Pictures are to be left out, and only the lines below starting at the one with "清华大中小学人工智能通识教育" and ending at the one with "The discovery of a new dish" are to be reproduced, each exactly, both ends included.

==== Records shown ====

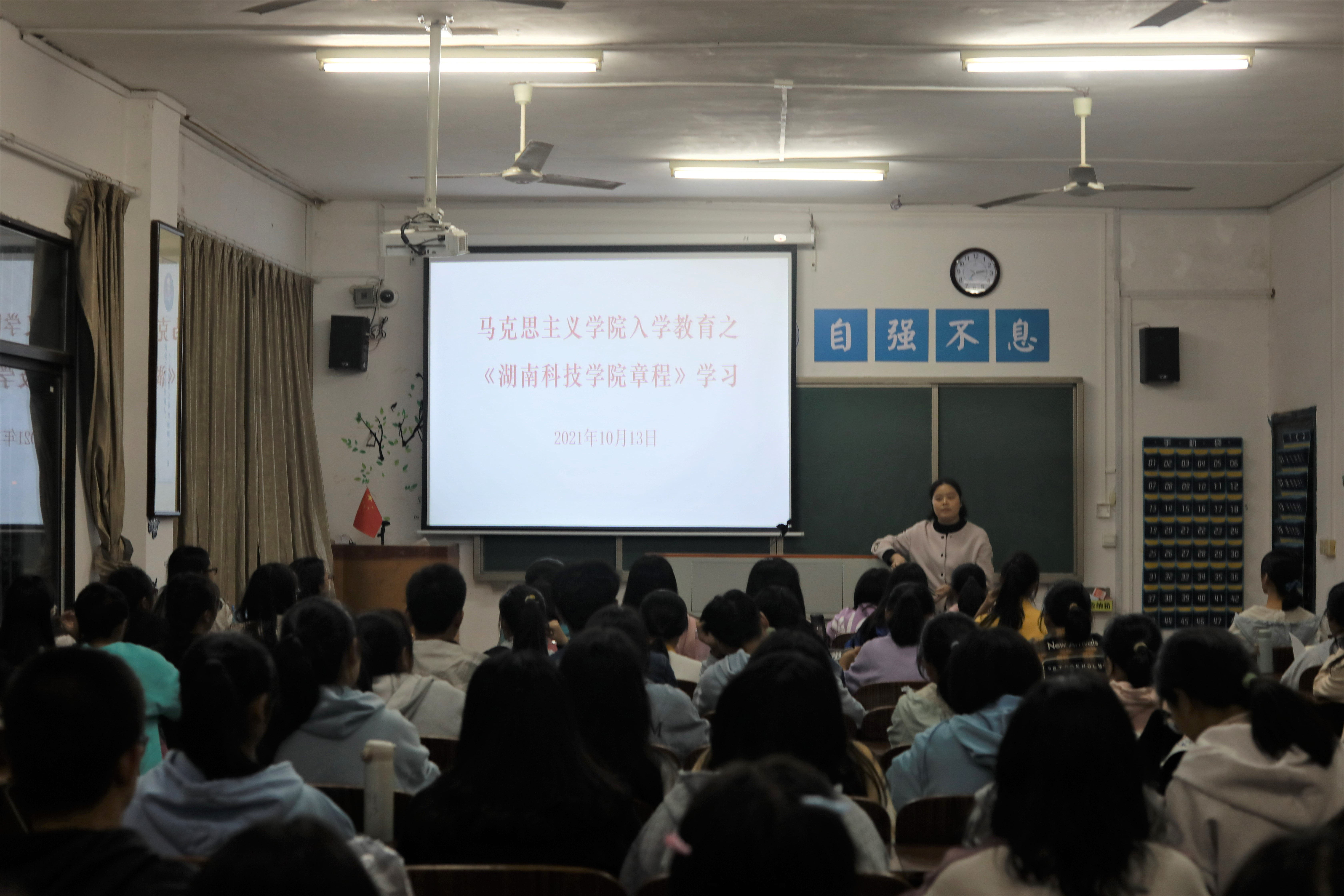 本网讯(记者 李金)为使学生进一步了解学校规章制度,加强纪律意识,10月13日晚,马克思主义学院于鹤鸣楼501教室开展《九游在线章程》学习,本次学习由21级辅导员胡非带领全体21级学生进行学习。
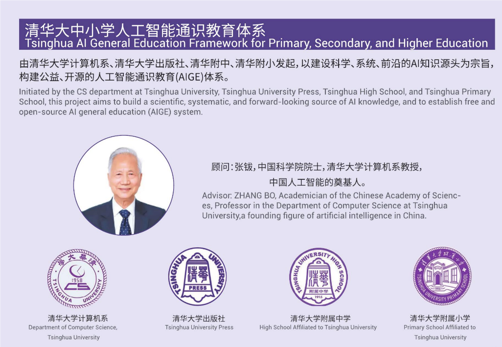 清华大中小学人工智能通识教育体系是由清华大学计算机系、清华大学出版社、清华附中、清华附小发起,以建设科学、系统、前沿的AI知识源头为宗旨,构建公益、开源的人工智能通识教育(AIGE)体系。中国科学院院士、清华大学计算机系张钹教授任中心顾问。
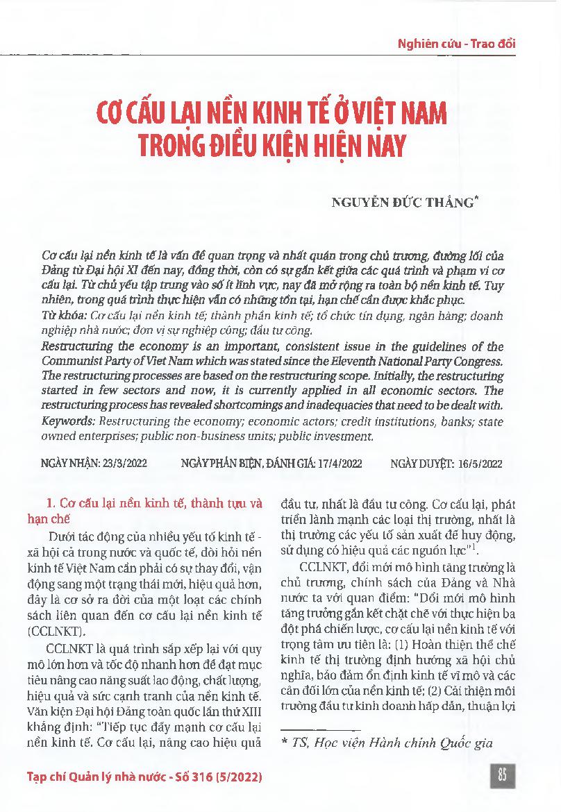 Cơ cấu lại nền kinh tế ở Việt Nam trong điều kiện hiện nay = Restructuring the economy in Viet Nam in the current context
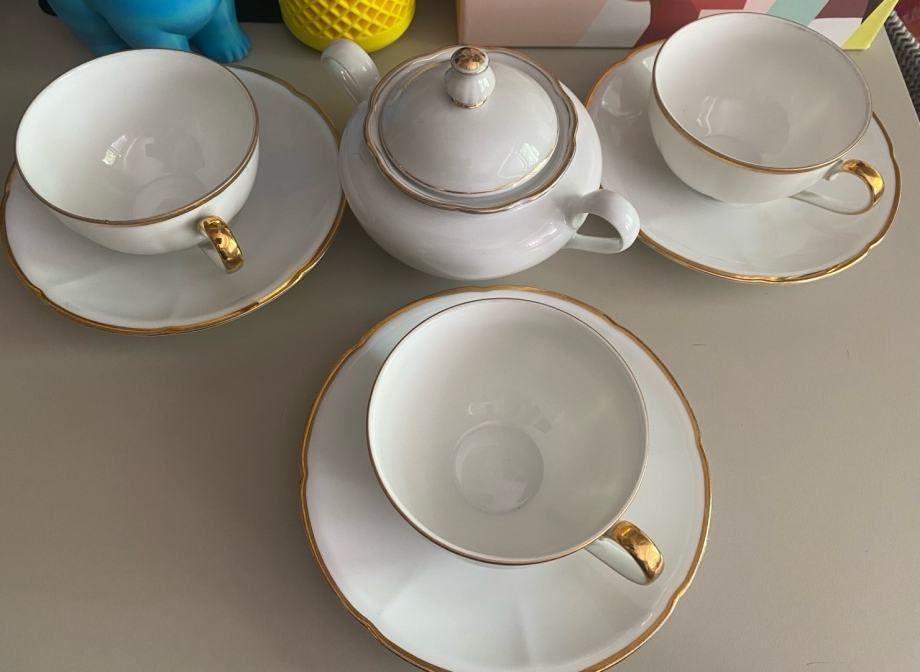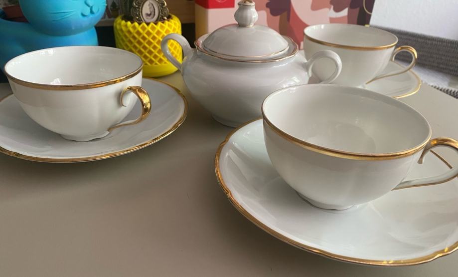 Prelep, eleganten, vintage komplet treh skodelic in sladkornice. Skodelice so velikosti za kapučino.
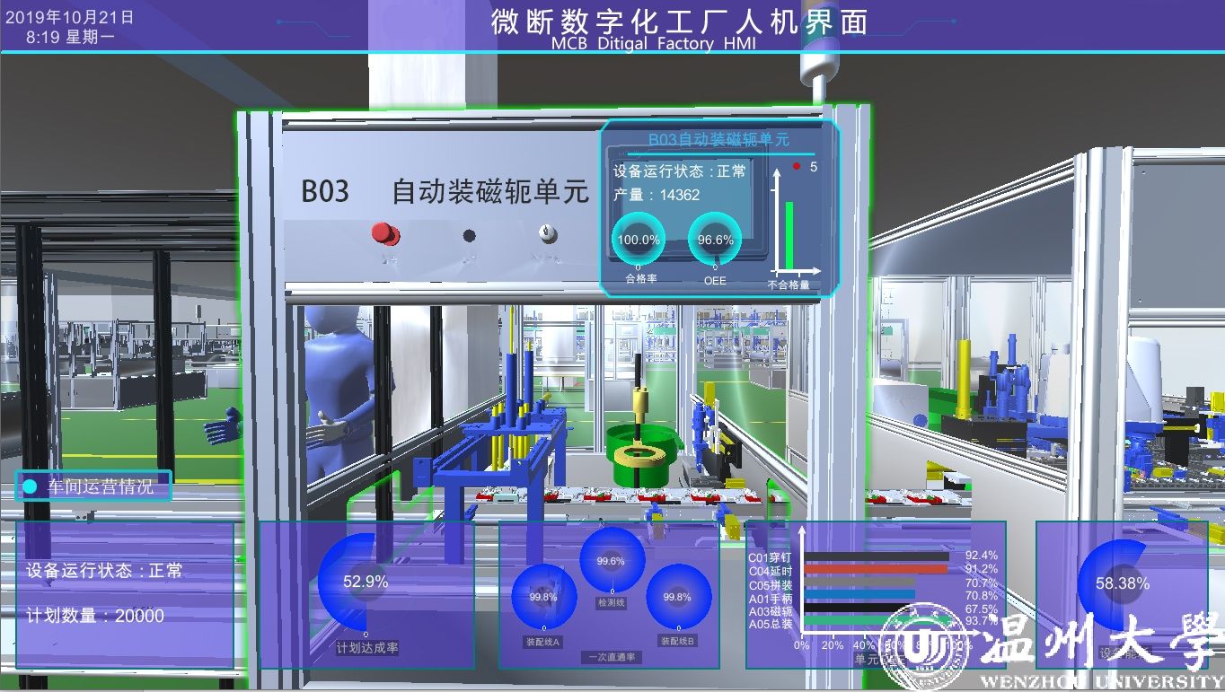 舒亮提到的“数字孪生”技术,是指针对物理世界中的物体,通过数字化手段来构建数字世界中一模一样的虚拟现实,以实现对物理实体的了解、分析和优化。天正公司方面点赞“温大智慧”:“数字化工厂让整个系统实现了自动化的装配、检测、包装和信息化管理,让我们拥有了无人化工厂和数字化工厂。”
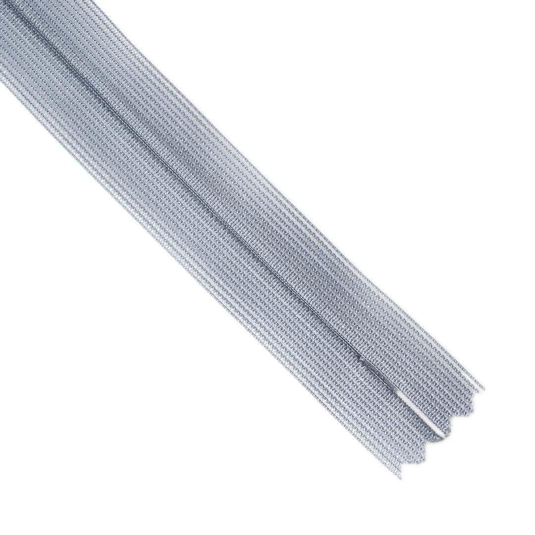 Invisible zip with lightweight mesh tape suitable for skirts, dresses, pants, soft furnishings and other applications where an unobtrusive zip is required. Discreet zip that fits into the seam with only the slim, elongated teardrop slider visible.
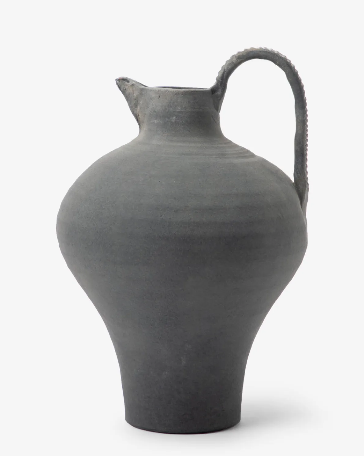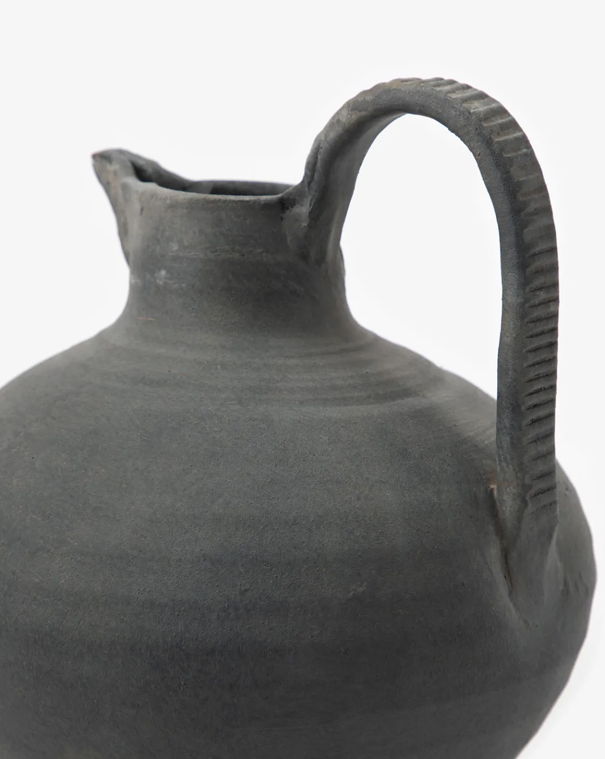 With a dramatic form, the Charcoal Terracotta Jug brings a rich, charcoal hue to your decor. Handmade and textural, the steep handle and wide body of the jug make a powerful and timeless statement in your space.
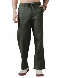 Vogaan Men's Linen Cotton Casual Trousers Pants | Stylish Comfortable Trousers for Office Work and Outings (Olive-Green_32)
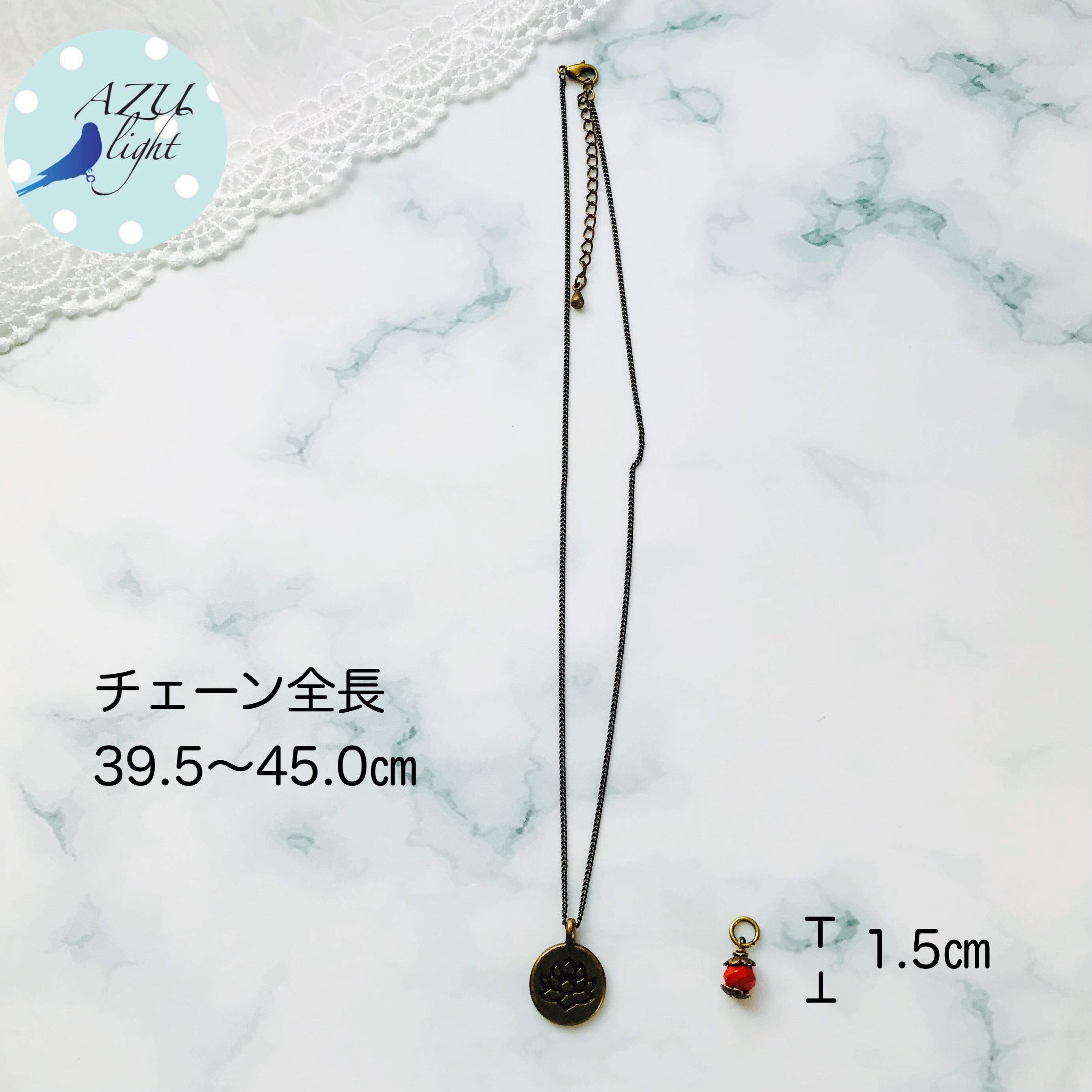 【サイズ】チェーン全長 39.5〜45.0㎝(レッドジャスパーチャーム/1.5㎝)
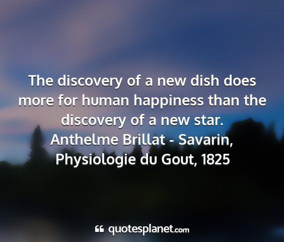 The discovery of a new dish does more for human happiness than the discovery of a new star.Anthelme Brillat - Savarin, Physiologie du Gout, 1825
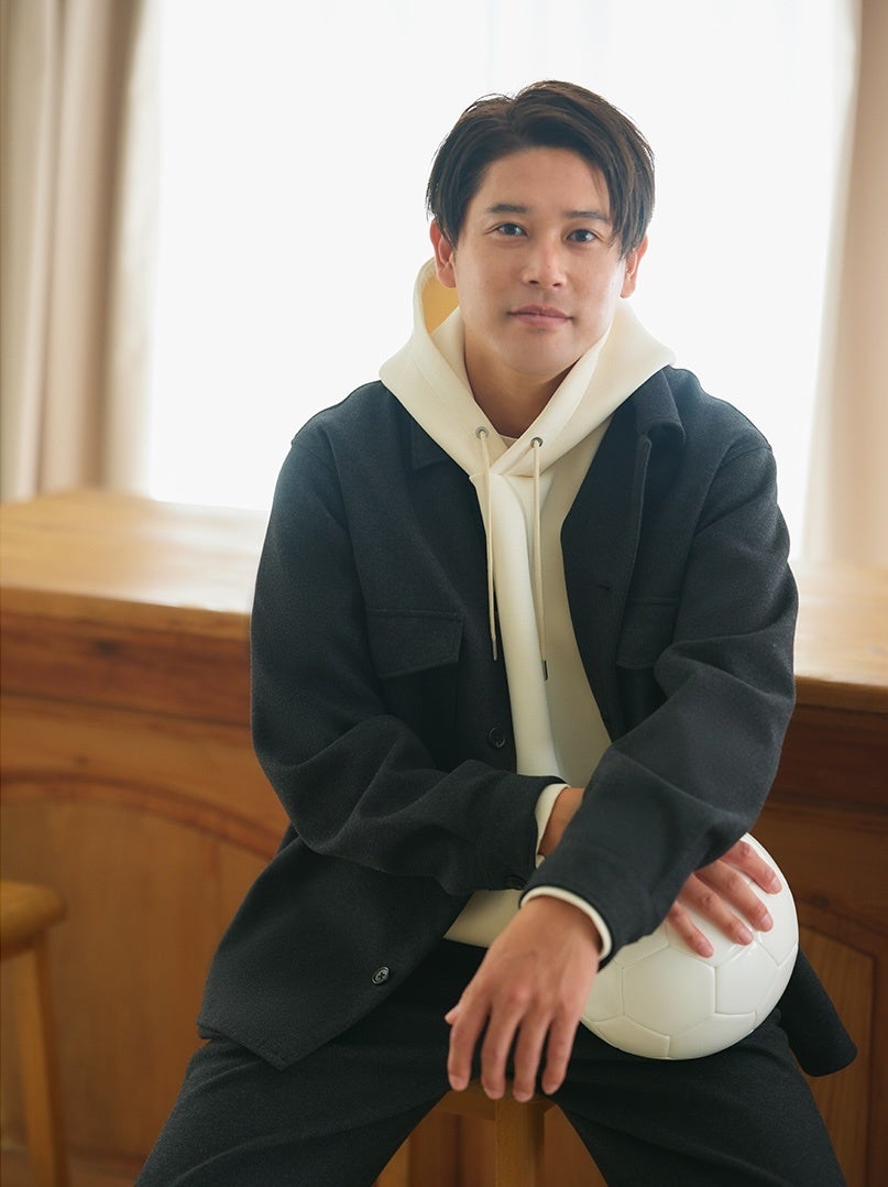 オフの日の服装選びで気にかけているポイントについてお伺いすると、『実は現役時代はサッカー一筋で、服についての知識はそれほどないんです。なんなら家族と一緒に買い物に行って、子供に服を選んでもらうほど』とお子様に洋服を選んでもらっていることを告白。『それでも引退後に家族と出かける時間が増えてからは、自分でも“見られ方”を少し気にするようになりました。パパとして変な格好はできないぞと』と父親目線での洋服選びのエピソードをお話しいただきました。

====

Output:
 清华大中小学人工智能通识教育体系是由清华大学计算机系、清华大学出版社、清华附中、清华附小发起,以建设科学、系统、前沿的AI知识源头为宗旨,构建公益、开源的人工智能通识教育(AIGE)体系。中国科学院院士、清华大学计算机系张钹教授任中心顾问。
 Cơ cấu lại nền kinh tế ở Việt Nam trong điều kiện hiện nay = Restructuring the economy in Viet Nam in the current context
 Prelep, eleganten, vintage komplet treh skodelic in sladkornice. Skodelice so velikosti za kapučino.
 舒亮提到的“数字孪生”技术,是指针对物理世界中的物体,通过数字化手段来构建数字世界中一模一样的虚拟现实,以实现对物理实体的了解、分析和优化。天正公司方面点赞“温大智慧”:“数字化工厂让整个系统实现了自动化的装配、检测、包装和信息化管理,让我们拥有了无人化工厂和数字化工厂。”
 Invisible zip with lightweight mesh tape suitable for skirts, dresses, pants, soft furnishings and other applications where an unobtrusive zip is required. Discreet zip that fits into the seam with only the slim, elongated teardrop slider visible.
 With a dramatic form, the Charcoal Terracotta Jug brings a rich, charcoal hue to your decor. Handmade and textural, the steep handle and wide body of the jug make a powerful and timeless statement in your space.
 Vogaan Men's Linen Cotton Casual Trousers Pants | Stylish Comfortable Trousers for Office Work and Outings (Olive-Green_32)
 【サイズ】チェーン全長 39.5〜45.0㎝(レッドジャスパーチャーム/1.5㎝)
 The discovery of a new dish does more for human happiness than the discovery of a new star.Anthelme Brillat - Savarin, Physiologie du Gout, 1825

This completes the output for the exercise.